Clemente bertanya kepada pria itu apa yang terjadi. Dia hanya berkata, “Saya dibumbui.” Petugas medis segera membawanya pergi, meninggalkan beberapa peluru senapan di lantai tempat dia terbaring.

Lowe mengatakan orang-orang datang dan meninggalkan rumah sepanjang waktu, seringkali dengan tindikan di wajah dan riasan yang rumit.

“Itu adalah titik tujuan,” katanya.

Nancy Thorne menceritakan Waktu Seattle bahwa putrinya yang berusia 15 tahun, Suzanne, ada di dalam rumah ketika pria itu melepaskan tembakan. Dia tidak mendengar apakah putrinya selamat.
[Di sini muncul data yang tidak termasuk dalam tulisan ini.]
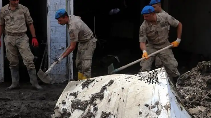 Jandarma personeli, bölgenin bir an önce eski günlerine dönmesi için canla başla mücadele ediyor.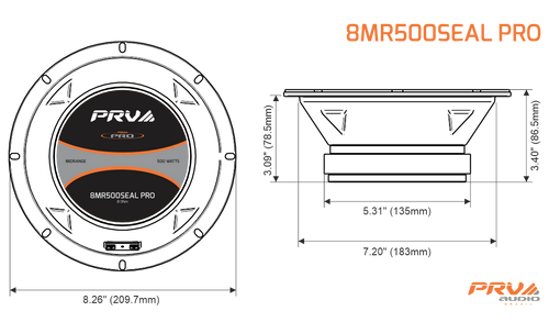 PRV 8″ Sealed Basket Midrange 8MR500SEAL PRO Audio Speaker / 8 Ohm – High Performance Waterproof Cone

Pacar gadis itu, Jesse Mullens, menelepon Thorne pada Sabtu pagi untuk mengatakan bahwa mereka pergi ke rumah setelah “zombie rave” pada Jumat malam, kata Thorne. Mereka hendak pergi – Mullens sedang menunggu di luar – ketika pria bersenjata itu menerobos masuk.

Mullens memberi tahu Thorne bahwa dia mendengar banyak suara tembakan. Dia mengira Suzanne terjebak di suatu tempat di dalam rumah dengan penembak di antara dia dan pintu.

“Ini panggilan telepon terburuk yang bisa diterima seorang ibu,” kata Thorne sambil menangis. “Dia seharusnya tidak pergi ke pesta rave. Saya tidak pernah menyetujui hal-hal itu… Saya hanya berharap kepada Tuhan dia masih hidup. Dan jika dia masih hidup, dia akan dihukum seumur hidup.”

Pejabat rumah sakit mengatakan gadis itu tidak ada di sana.

Aaron Hoyle, 25, dari Renton, mengatakan sekitar lima orang berusia atau mendekati 20-an tinggal di bungalo dua lantai berwarna biru dengan garis putih, dan beberapa di antaranya adalah promotor pesta gudang. Hoyle tidak pulang ke rumah selama sekitar tiga bulan, namun datang untuk melihat apakah teman-temannya baik-baik saja ketika dia mendengar tentang penembakan itu di berita.

Rumah yang menurut Kabupaten Raja catatan properti dimiliki oleh seorang pria bernama D. Gregg Doyle, hanya beberapa blok dari Miller Community Center, tempat pertandingan bisbol Little League sedang berlangsung pada Sabtu pagi.